If only life back at work were as simple. The fact is, for many of us it’s been a tough year where much of what we have taken for granted for so long has been washed away – perhaps never to return. Even here in the lucky country, with our eternal sunshine and rich mineral wealth, it seems that “she’ll not be right” after all.
Or maybe not!
The brutal truth is that on the back of the resources boom we’ve become fat and complacent. As individuals we’ve taken on debts that we can’t afford, to buy luxuries that we don’t need. And in the world of corporate
Australia the story is not dissimilar. With the economic returns so good for so long we’ve been guilty of squandering unnecessary resources simply because we could, to the point where the virtue of commercial pragmatism became seen as draconian.
So, where to in 2009 for those of us in the HR space?
The growing lack of confidence arising in corporate Australia as a result of the global economic crisis is a fabulous opportunity for HR to stand up and lead.
Now that the going is getting tough, HR practitioners need to be pushing the leaders of their organisations to get tough and do the right thing for the long-term value and sustainability of the business.

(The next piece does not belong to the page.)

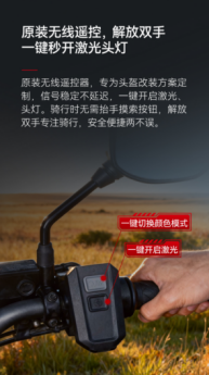 騎行時(shí),安全永遠(yuǎn)排在第一位。頻繁抬手操作設(shè)備不僅分心,更可能帶來安全隱患。為此,英睿為護(hù)衛(wèi)艦二代M3量身定制原裝無線遙控器,專為頭盔改裝方案打造,信號(hào)穩(wěn)定、響應(yīng)迅速、毫無延遲。只需輕輕一按,即可秒開激光輔助照明或切換模式,全程無需抬手摸索按鈕,讓你在專注路況的同時(shí),享受科技帶來的便捷與安心。

That means, among other things, truly recognising the profound link between leadership and colleague engagement and making sure that “real” leadership talent is retained, developed, and most importantly, allowed to lead through the tough times.
It means truly practising a differentiated pay policy which rewards top-end performance. It means not squandering those oh so valuable development dollars on somebody’s favourite management course but targeting them on interventions and programmes that really will make a demonstrable difference “on the job” right now!
And it means creating a truly engaged workforce by getting “all the brains in the game” rather than leaving strategy and decision-making to the anointed few at the top of the corporate tree.
If we HR folk choose to seize the opportunity there might be one or two CEOs who find a present under their Christmas tree this year that they really need – a committed and engaged HR partner prepared to step up and lead through tough times.